YAML Configuration (Delta Lake/Databricks)#

dataset:
  _target_: nemo_automodel.components.datasets.llm.column_mapped_text_instruction_iterable_dataset.ColumnMappedTextInstructionIterableDataset
  path_or_dataset_id: delta://catalog.schema.training_data
  column_mapping:
    context: system_prompt
    question: user_message
    answer: assistant_message
  answer_only_loss_mask: true
  delta_storage_options:
    DATABRICKS_TOKEN: ${oc.env:DATABRICKS_TOKEN}
    DATABRICKS_HOST: ${oc.env:DATABRICKS_HOST}
    # Optional:
    # DATABRICKS_HTTP_PATH: ${oc.env:DATABRICKS_HTTP_PATH}

Streaming from a Delta SQL Query (Computed/Aliased Columns)#

If you want to generate columns dynamically (joins, filters, computed prompt strings, etc.), pass a SQL query that returns the fields referenced by your column_mapping.
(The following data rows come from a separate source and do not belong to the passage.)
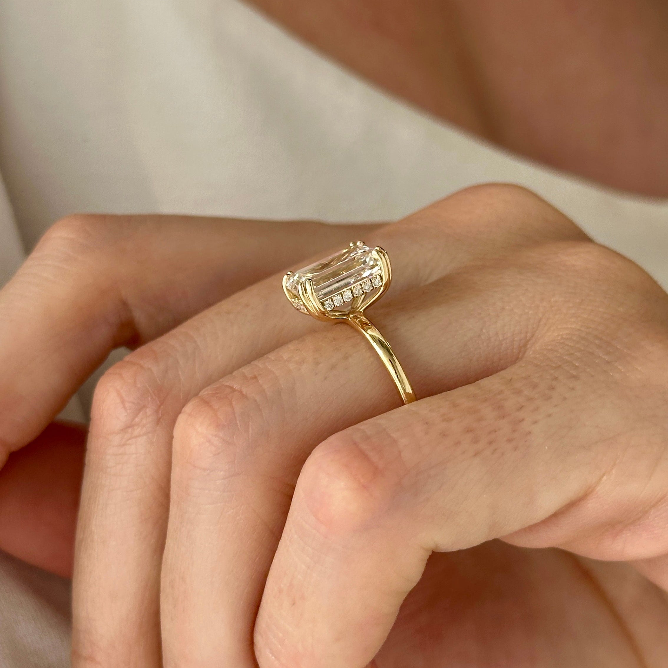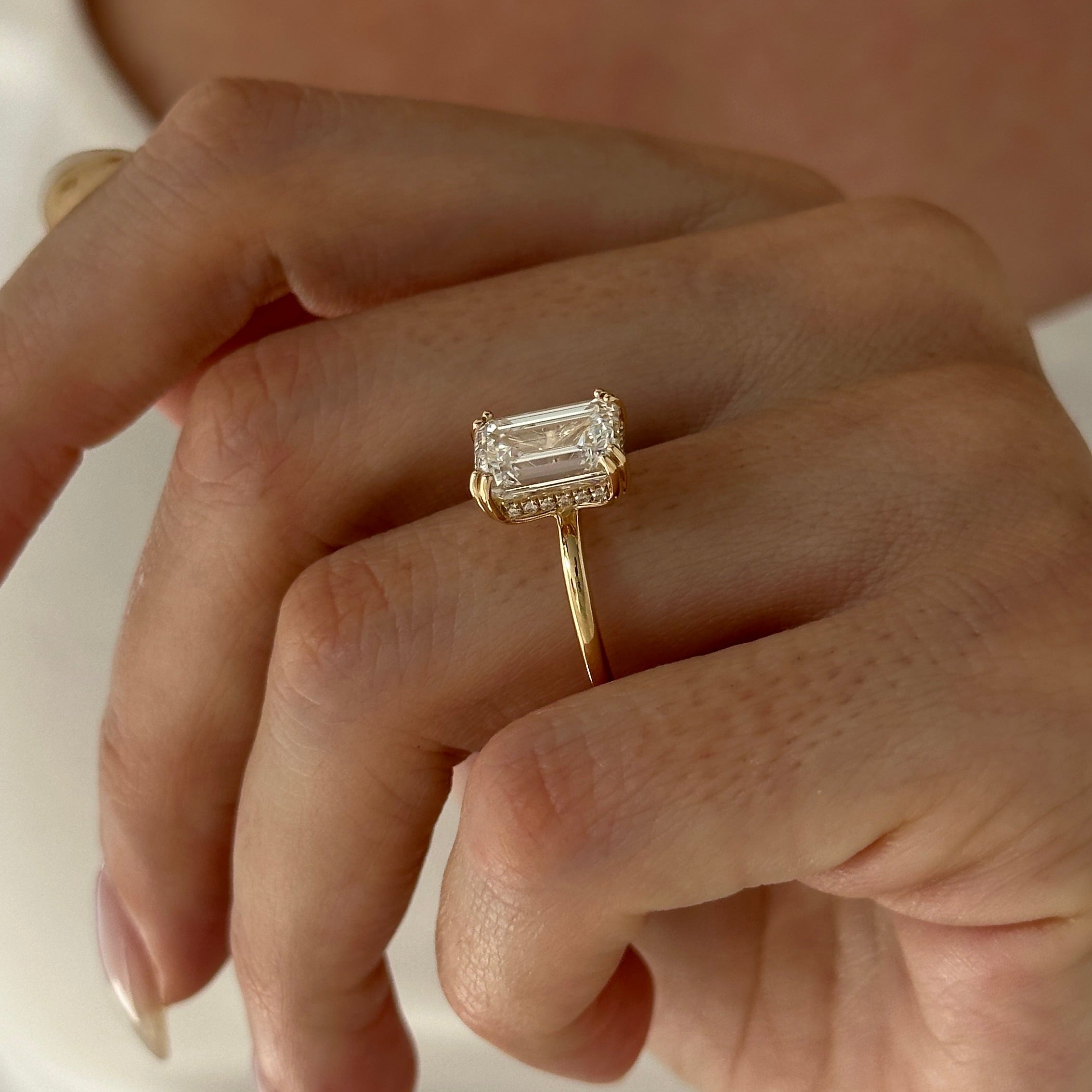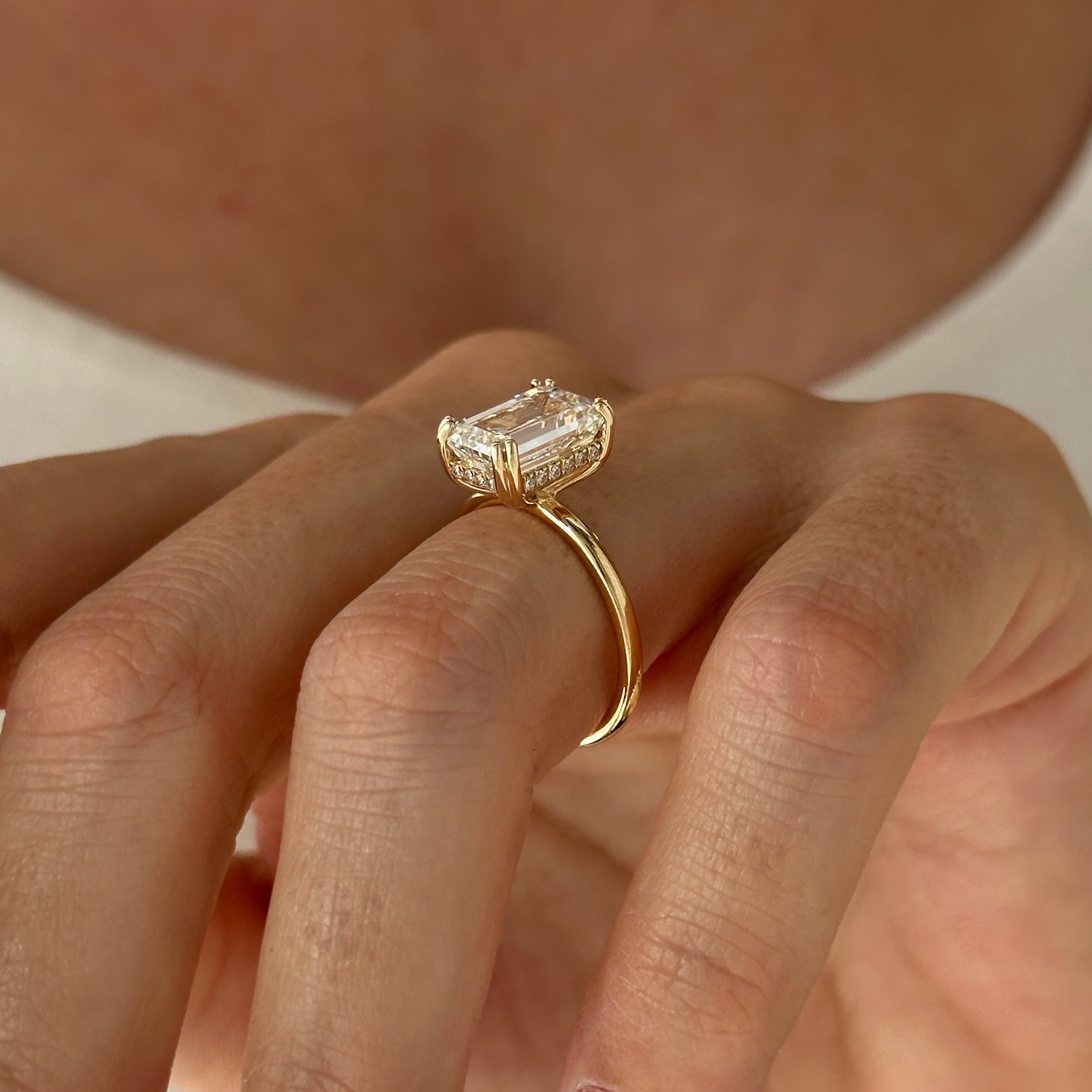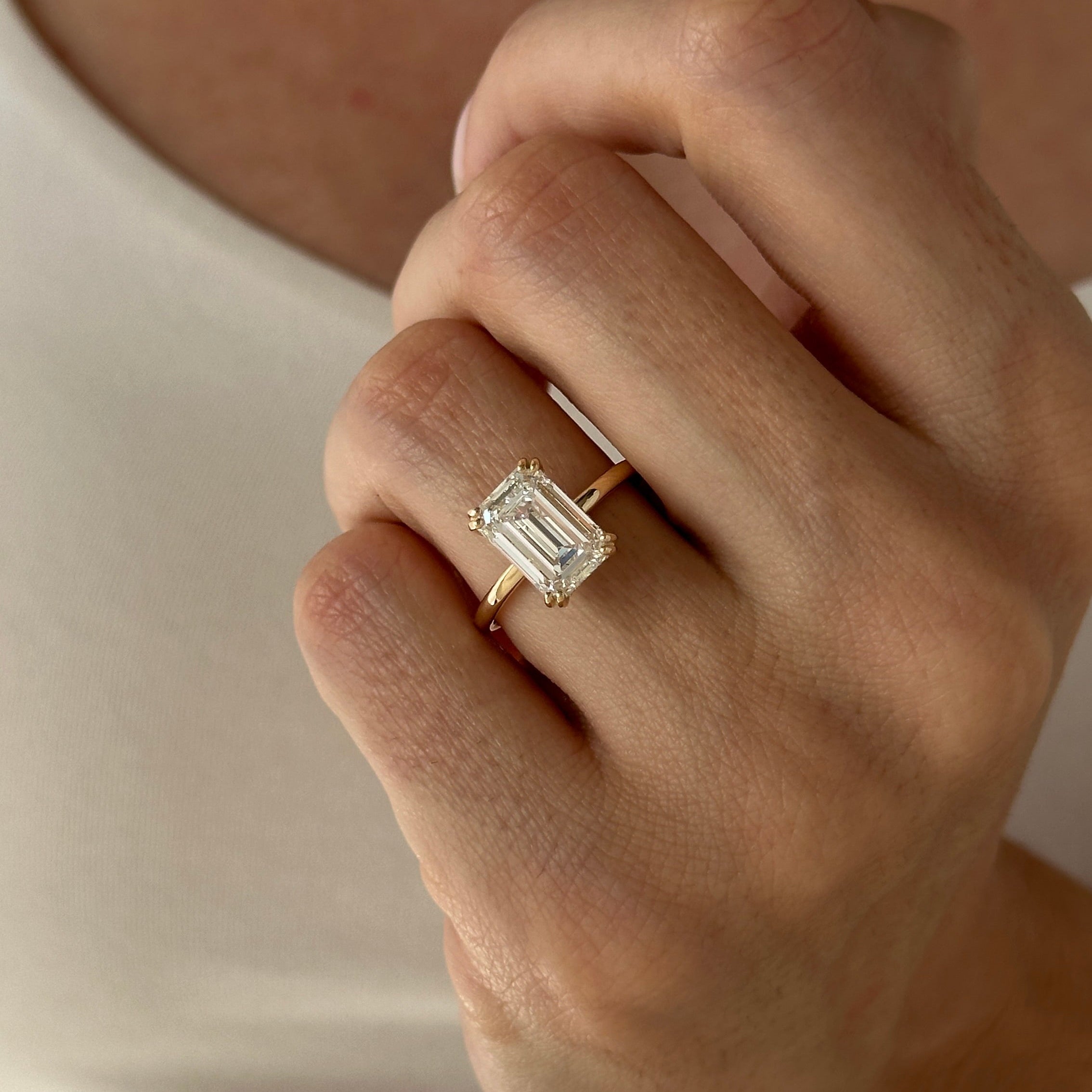 A dazzling 4 carat emerald cut diamond, sparkling like a star in the night sky, held in place by a gorgeous double prong setting that adds an extra touch of glamor to the already stunning piece of jewelry. a delicate hidden halo enhances the diamond's beauty and adds an ethereal glow to the ring's overall design, making it a true masterpiece that will leave everyone mesmerized. It's not just an engagement ring, it's a symbol of love and a statement of style that will make your heart skip a beat every time you look at it.
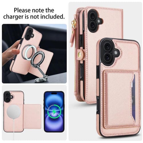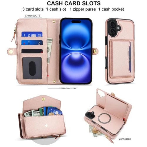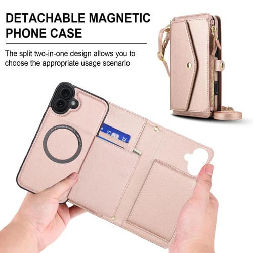 Funda de cuero desmontable con cordón para iPhone 17 (oro rosa)
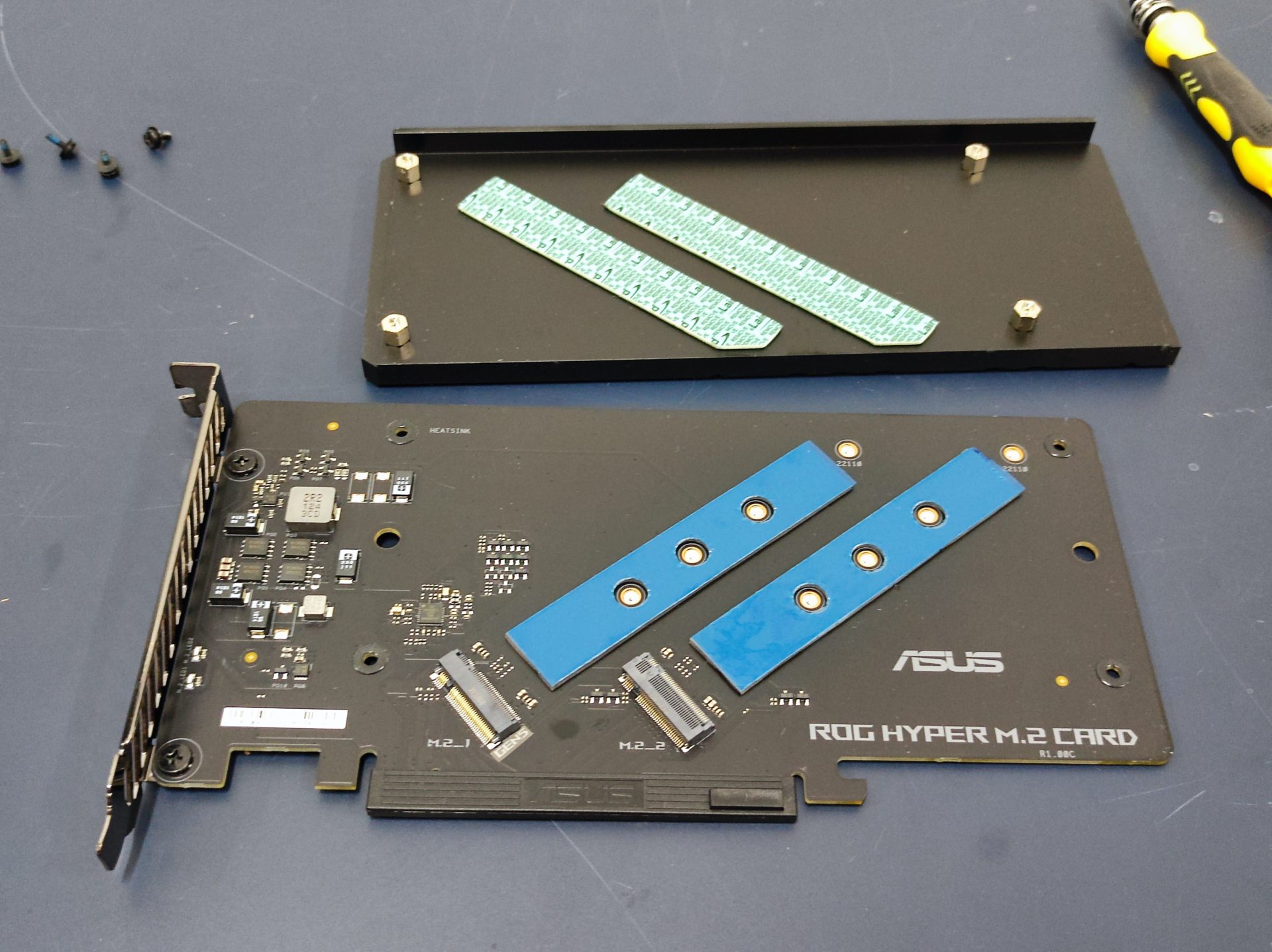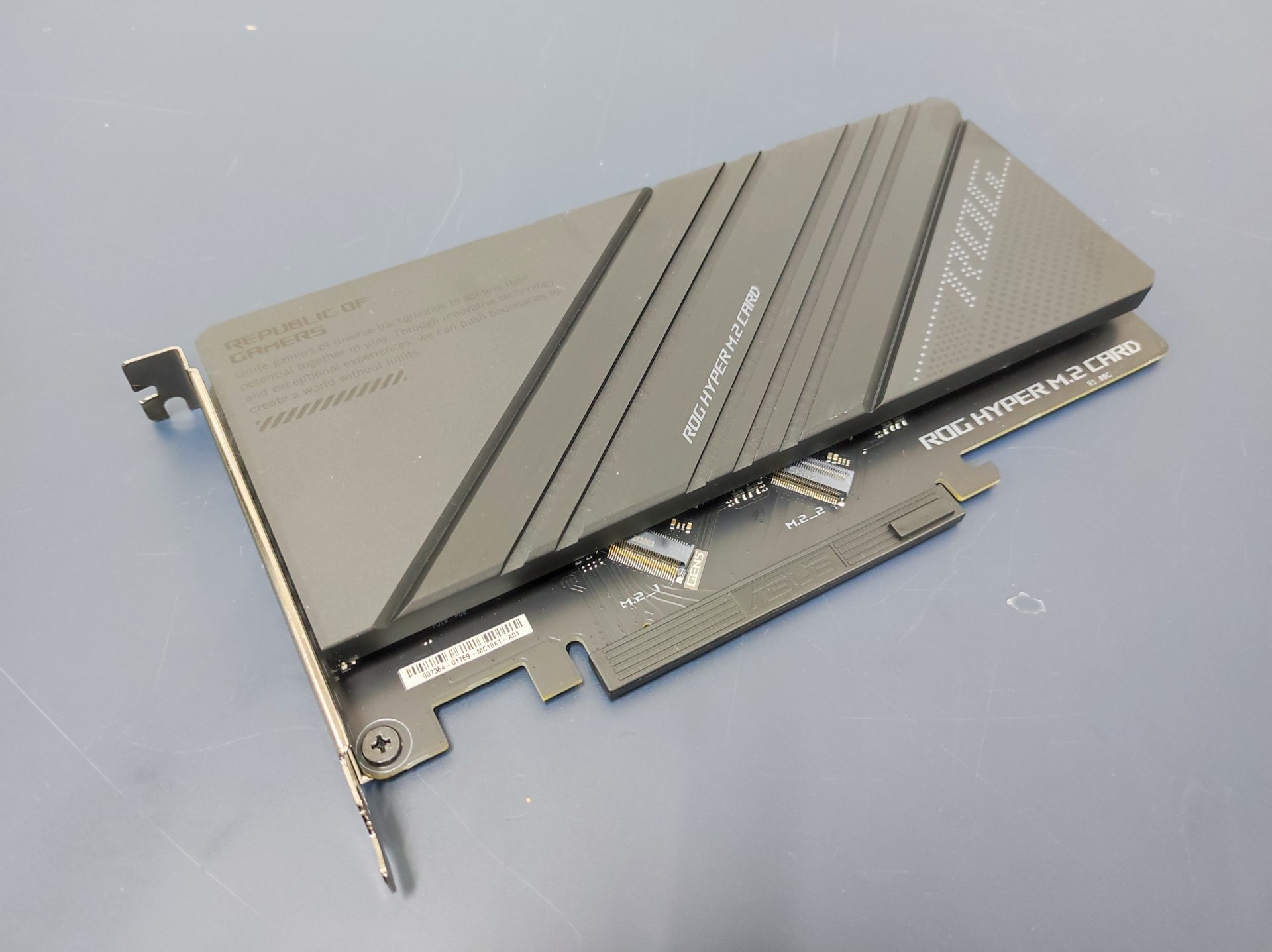 Your purchase of the ASUS ROG Maximus Z690 Hero also comes bundled with a ROG Hyper M.2 add-in card (AIC). This AIC features two more M.2 slots for even more M.2 SSDs on your system. An interest thing to note is that one of the M.2 (left) slot is compatible with PCIe 5.0 standard. This allows for twice the speed of a PCIe 4.0 slot.

ds = ColumnMappedTextInstructionIterableDataset(
    path_or_dataset_id="delta://catalog.schema.training_data",
    column_mapping={"question": "question", "answer": "answer"},
    tokenizer=tokenizer,
    delta_storage_options={
        "DATABRICKS_HOST": "https://your-workspace.databricks.com",
        "DATABRICKS_TOKEN": "dapi...",
        "DATABRICKS_HTTP_PATH": "/sql/1.0/warehouses/...",
    },
    delta_sql_query="""
      SELECT
        concat(system_prompt, '\n', user_message) AS question,
        assistant_message AS answer
      FROM catalog.schema.training_data
      WHERE split = 'train'
    """,
)
dataset:
  _target_: nemo_automodel.components.datasets.llm.column_mapped_text_instruction_iterable_dataset.ColumnMappedTextInstructionIterableDataset
  path_or_dataset_id: delta://catalog.schema.training_data
  column_mapping:
    question: question
    answer: answer
  delta_sql_query: |
    SELECT
      concat(system_prompt, '\n', user_message) AS question,
      assistant_message AS answer
    FROM catalog.schema.training_data
    WHERE split = 'train'
  delta_storage_options:
    DATABRICKS_HOST: ${oc.env:DATABRICKS_HOST}
    DATABRICKS_TOKEN: ${oc.env:DATABRICKS_TOKEN}
    DATABRICKS_HTTP_PATH: ${oc.env:DATABRICKS_HTTP_PATH}

Note

SQL engine requirement: delta_sql_query is executed via Spark (Databricks runtime/pyspark) when available, otherwise via databricks-sql-connector. It is not supported in a deltalake-only environment.

Note

Authentication: The Delta Lake loader automatically picks up credentials from environment variables (DATABRICKS_TOKEN, AWS_ACCESS_KEY_ID, AZURE_STORAGE_ACCOUNT_KEY, etc.) if not explicitly provided in delta_storage_options.

Common Arguments#

Arg

Default

Description

split

None

Which split to stream from a HF repo (train, validation, etc.). Ignored for local files and Delta tables.

name

None

Name of the dataset configuration/subset to load.

answer_only_loss_mask

True

Mask prompt tokens in labels with -100 (CrossEntropy ignore_index).

use_hf_chat_template

False

If True and the tokenizer supports chat templates, format via tokenizer.apply_chat_template(...).

seq_length

None

Optional max sequence length; used for padding/truncation when enabled.

padding

"do_not_pad"

Padding strategy passed to the tokenizer.

truncation

"do_not_truncate"

Truncation strategy passed to the tokenizer.

limit_dataset_samples

None

Optionally limit the stream to the first (N) samples (best-effort; depends on backend).

repeat_on_exhaustion

True

If True, restart the stream on exhaustion (useful for step-based training).

delta_storage_options

None

Storage/auth options for Delta Lake backends (Databricks, S3, Azure, GCS).

delta_version

None

Specific Delta table version to read.

delta_sql_query

None

SQL query to generate rows for Delta sources (Spark / Databricks SQL only).